[[ RECORDS FOR THIS EXERCISE open ]]

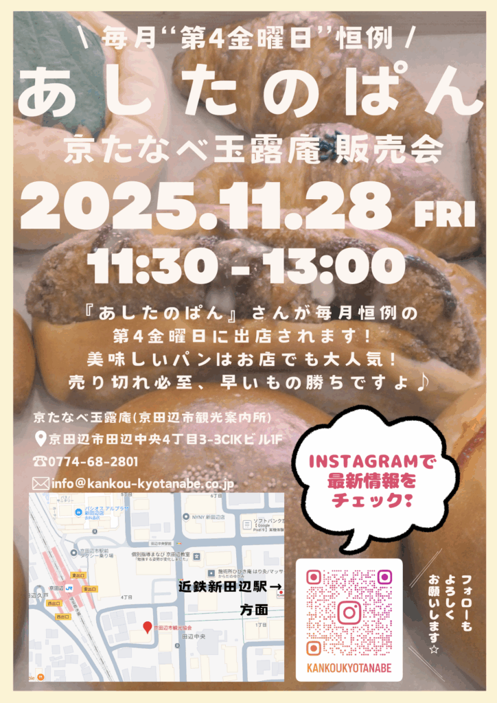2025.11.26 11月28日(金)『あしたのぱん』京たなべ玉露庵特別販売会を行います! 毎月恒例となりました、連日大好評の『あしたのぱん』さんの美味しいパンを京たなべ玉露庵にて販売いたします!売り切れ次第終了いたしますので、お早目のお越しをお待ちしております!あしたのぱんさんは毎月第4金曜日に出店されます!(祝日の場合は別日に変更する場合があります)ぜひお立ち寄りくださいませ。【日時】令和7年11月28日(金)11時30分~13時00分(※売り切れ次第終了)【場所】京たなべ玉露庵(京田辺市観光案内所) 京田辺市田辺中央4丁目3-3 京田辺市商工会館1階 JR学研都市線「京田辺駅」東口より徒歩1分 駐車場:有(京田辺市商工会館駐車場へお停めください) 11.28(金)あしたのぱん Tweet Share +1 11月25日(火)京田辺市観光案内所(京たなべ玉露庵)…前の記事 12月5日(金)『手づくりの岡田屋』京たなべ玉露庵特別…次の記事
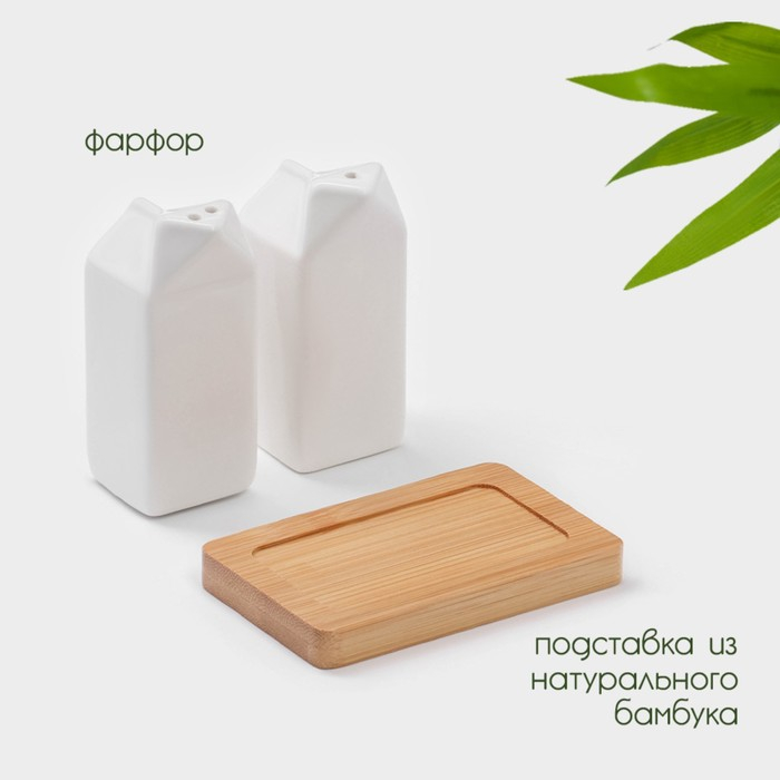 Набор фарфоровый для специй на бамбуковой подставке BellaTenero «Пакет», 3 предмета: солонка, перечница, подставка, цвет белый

[[ RECORDS FOR THIS EXERCISE closed ]]
[[ RECORDS FOR THIS EXERCISE open ]]

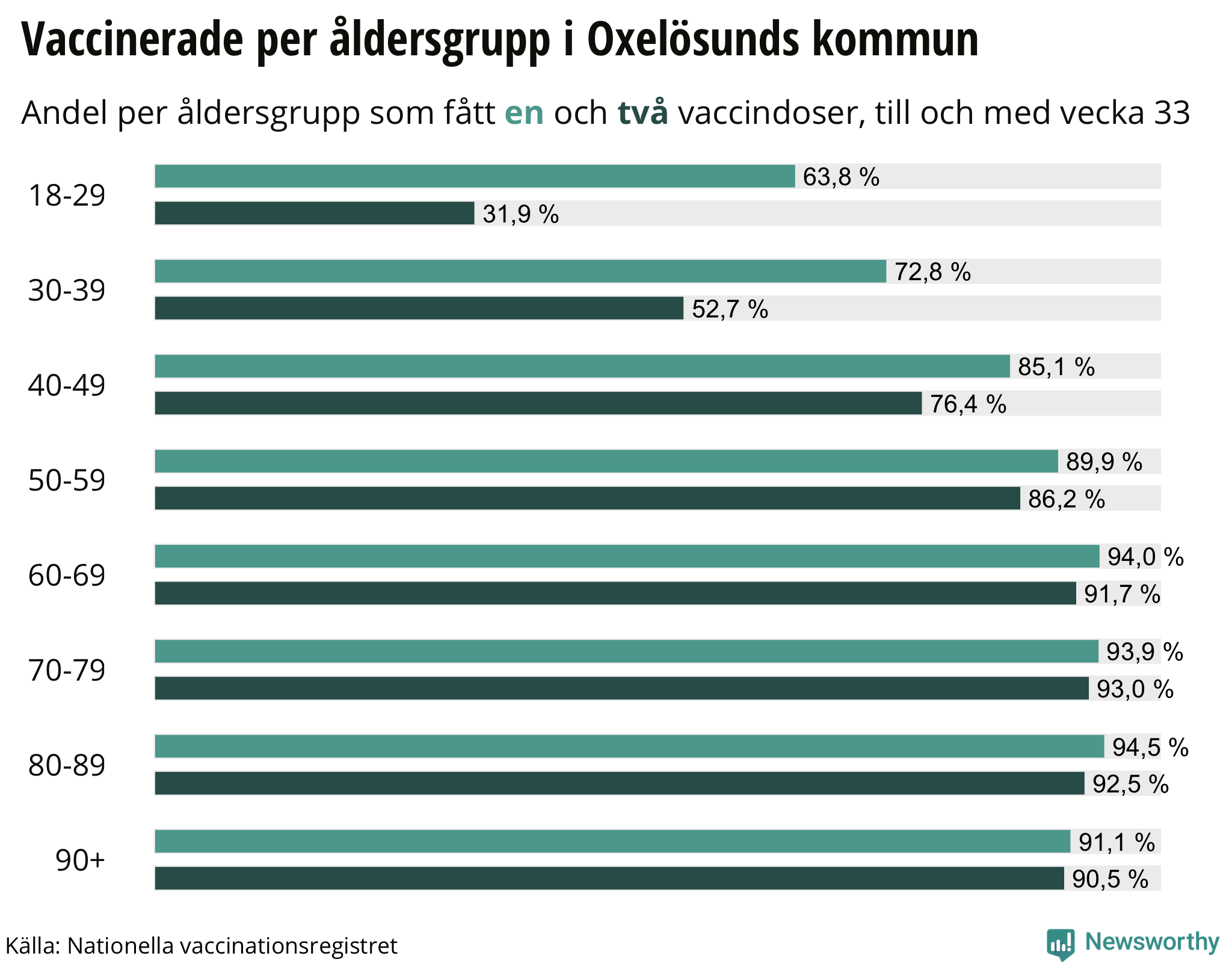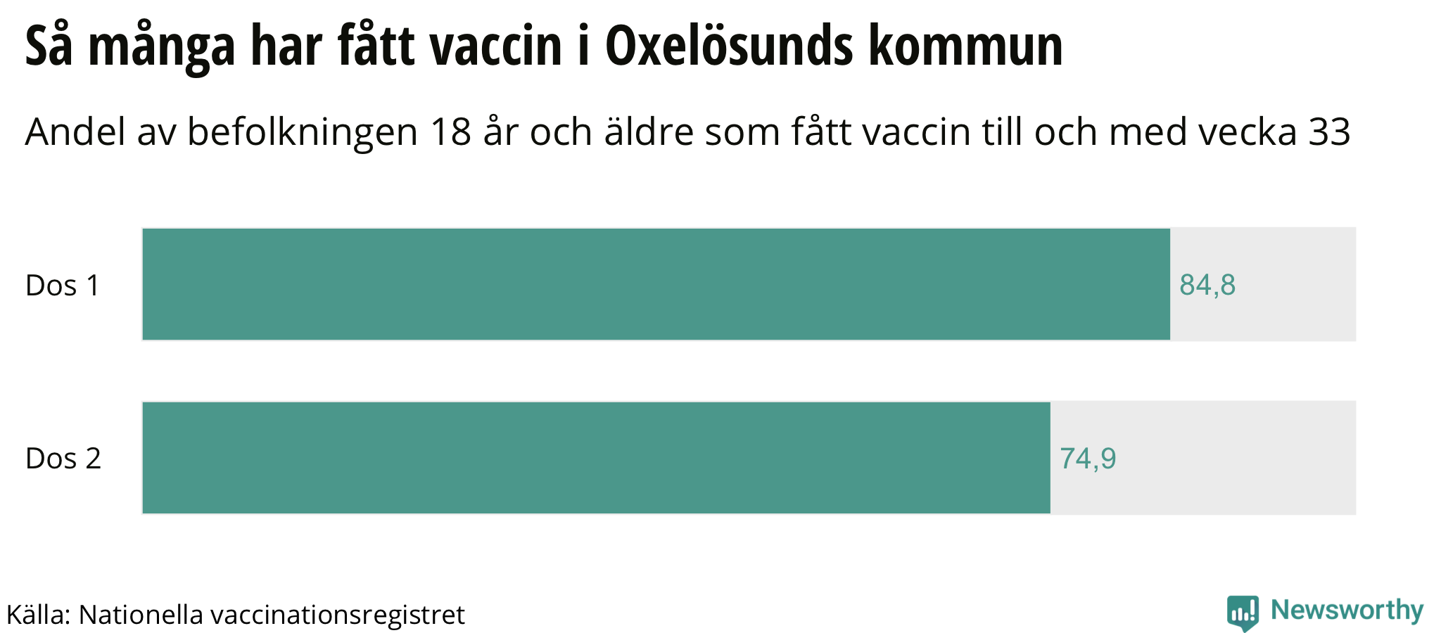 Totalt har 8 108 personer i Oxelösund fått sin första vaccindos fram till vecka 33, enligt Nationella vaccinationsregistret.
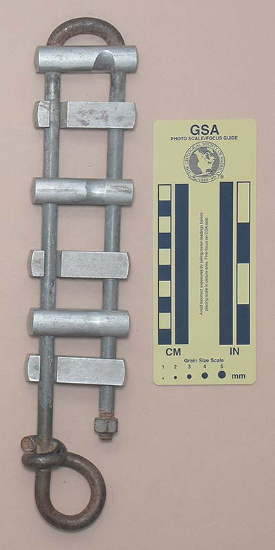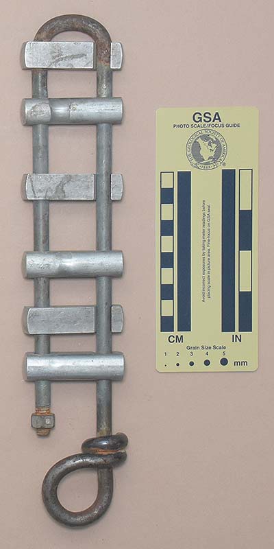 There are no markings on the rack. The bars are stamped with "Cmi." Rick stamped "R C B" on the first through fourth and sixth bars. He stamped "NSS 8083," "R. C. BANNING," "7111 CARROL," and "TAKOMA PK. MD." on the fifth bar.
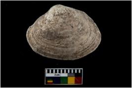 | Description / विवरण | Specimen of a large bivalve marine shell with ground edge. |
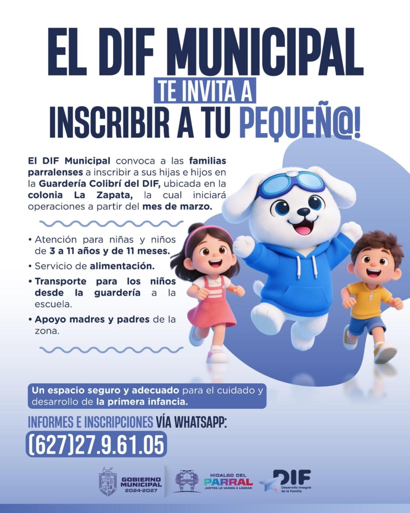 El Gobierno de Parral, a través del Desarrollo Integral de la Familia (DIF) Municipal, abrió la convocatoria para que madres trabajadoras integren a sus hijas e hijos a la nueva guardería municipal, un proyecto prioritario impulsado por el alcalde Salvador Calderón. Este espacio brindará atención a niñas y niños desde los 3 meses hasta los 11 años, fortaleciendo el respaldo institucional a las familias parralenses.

[[ RECORDS FOR THIS EXERCISE closed ]]

WHAT IS EXPECTED: Copy only what runs above from the line containing "京田辺市田辺中央4丁目3-3 京田辺市商工会館1階 JR学研都市線「京田辺駅」東口より徒歩1分" through the line containing "Набор фарфоровый для", exactly. Leave out the pictures.

WRITTEN ANSWER:
2025.11.26 11月28日(金)『あしたのぱん』京たなべ玉露庵特別販売会を行います! 毎月恒例となりました、連日大好評の『あしたのぱん』さんの美味しいパンを京たなべ玉露庵にて販売いたします!売り切れ次第終了いたしますので、お早目のお越しをお待ちしております!あしたのぱんさんは毎月第4金曜日に出店されます!(祝日の場合は別日に変更する場合があります)ぜひお立ち寄りくださいませ。【日時】令和7年11月28日(金)11時30分~13時00分(※売り切れ次第終了)【場所】京たなべ玉露庵(京田辺市観光案内所) 京田辺市田辺中央4丁目3-3 京田辺市商工会館1階 JR学研都市線「京田辺駅」東口より徒歩1分 駐車場:有(京田辺市商工会館駐車場へお停めください) 11.28(金)あしたのぱん Tweet Share +1 11月25日(火)京田辺市観光案内所(京たなべ玉露庵)…前の記事 12月5日(金)『手づくりの岡田屋』京たなべ玉露庵特別…次の記事
 Набор фарфоровый для специй на бамбуковой подставке BellaTenero «Пакет», 3 предмета: солонка, перечница, подставка, цвет белый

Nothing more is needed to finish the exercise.